Voltage-dependent inwardly rectifying potassium conductance in the outer membrane of neuronal mitochondria.

机构信息

Department of Neuroscience, Weinberg Unit for ALS Research, and Farber Institute for Neurosciences, Thomas Jefferson University, Philadelphia, Pennsylvania 19107.

Department of Molecular and Cellular Biology, Harvard University, Cambridge, Massachusetts 02138.

出版信息

J Biol Chem. 2010 Aug 27;285(35):27411-27417. doi: 10.1074/jbc.M110.131243. Epub 2010 Jun 15.

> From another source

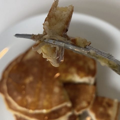 I decided to have a go at making a Tik Tok video yesterday morning and because I had no clue what I was doing and didn’t have anyone around to help hold my phone, I knew I was going to have to cook whatever recipe I chose with just one hand so I picked the simplest recipe that I know – banana pancakes.

DOI:10.1074/jbc.M110.131243
PMID:20551319
原文链接:https://pmc.ncbi.nlm.nih.gov/articles/PMC2930739/
Abstract

Potassium fluxes integrate mitochondria into cellular activities, controlling their volume homeostasis and structural integrity in many pathophysiological mechanisms. The outer mitochondrial membrane (OMM) is thought to play a passive role in this process because K(+) is believed to equilibrate freely between the cytosol and mitochondrial intermembrane space. By patch clamping mitochondria isolated from the central nervous systems of adult mitoCFP transgenic mice, we discovered the existence of I(OMMKi), a novel voltage-dependent inwardly rectifying K(+) conductance located in the OMM. I(OMMKi) is regulated by osmolarity, potentiated by cAMP, and activated at physiological negative potentials, allowing K(+) to enter the mitochondrial intermembrane space in a controlled regulated fashion. The identification of I(OMMKi) in the OMM supports the notion that a membrane potential could exist across this membrane in vivo and suggests that the OMM possesses regulated pathways for K(+) uptake.

摘要

钾通量将线粒体整合到细胞活动中,在许多病理生理机制中控制其体积平衡和结构完整性。人们认为外线粒体膜(OMM)在此过程中起被动作用,因为 K(+) 被认为可以在细胞质和线粒体膜间隙之间自由平衡。通过对成年 mitoCFP 转基因小鼠中枢神经系统分离的线粒体进行膜片钳钳制,我们发现了 I(OMMKi)的存在,这是一种位于 OMM 的新型电压依赖性内向整流 K(+)电导。I(OMMKi)受渗透压调节,cAMP 增强,并在生理负电位下激活,允许 K(+)以受控的方式进入线粒体膜间隙。在 OMM 中鉴定出 I(OMMKi)支持了这样一种观点,即在体内这个膜上可能存在膜电位,并表明 OMM 具有受调控的 K(+)摄取途径。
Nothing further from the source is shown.